Raine was right: Brock was devastatingly attractive. Too much so. In those brief moments when he’d pinned her with his sizzling blue gaze, she’d nearly forgotten how much she hated him.
Brock had matured over the years. She shouldn’t have been surprised; it wasn’t as if she was the same angry and confused fifteen-year-old, either. But for some reason, her brain had always pictured him as the young, reckless college student who’d been speeding down the highway when Felicity pulled out in front of him.

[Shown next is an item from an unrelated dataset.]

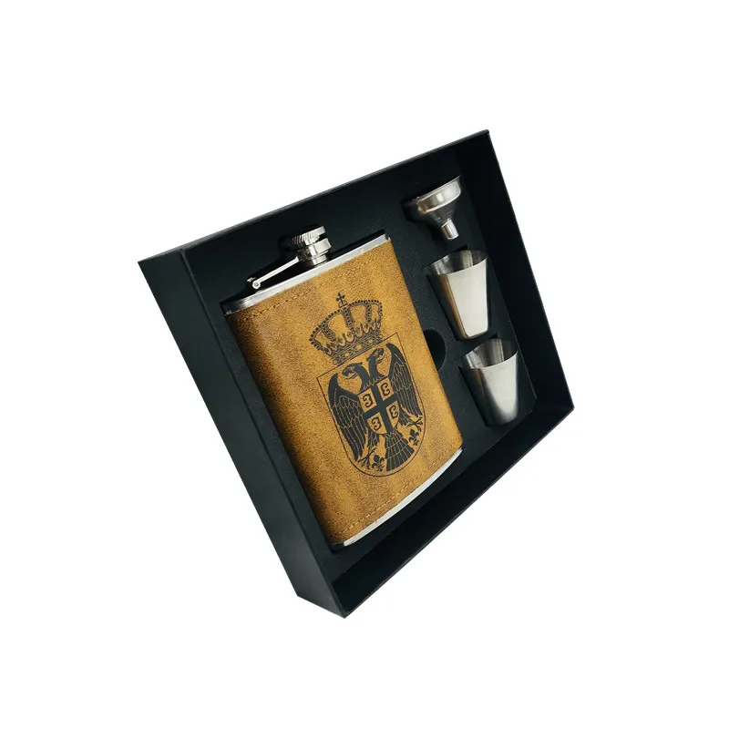 Bpa бесплатно 8 унций виски бутылка водки кувшин 304 Нержавеющаясталь спиртных плоская фляжка с орлом из искусственной кожи подарочная упаковка, набор в коробке

For years she’d railed against the unfairness of it all. Brock had essentially walked away from the crash with only a couple of minor injuries—a broken collarbone and a few cracked ribs—while Felicity had died at the scene.
Enough. She needed to stop wallowing in the past. She threw herself into her work with a vengeance. Elana thought she’d successfully hidden her feelings towards Brock, but at the end of their shift, Raine cornered her in the staff lounge.
“All right, give. What is up with you and Dr Madison?”
Elana raised a brow, trying to keep her expression impassive. “Nothing.”
Raine rolled her eyes. “Yeah, sure, and I’m Princess Stephanie. Come on, Elana. It’s obvious you two know each other. For one thing, he called you by name before anyone had introduced you. And then he followed you to the staff lounge to talk to you in private. Did the two of you have a relationship in the past or what?”
Relationship? Good Lord, nothing could be further from the truth. “No. I barely know the guy.”
“I don’t believe you.” Raine swiped her badge through the time clock, and Elana followed suit. “I’m not blind. There’s a definite tension between you.”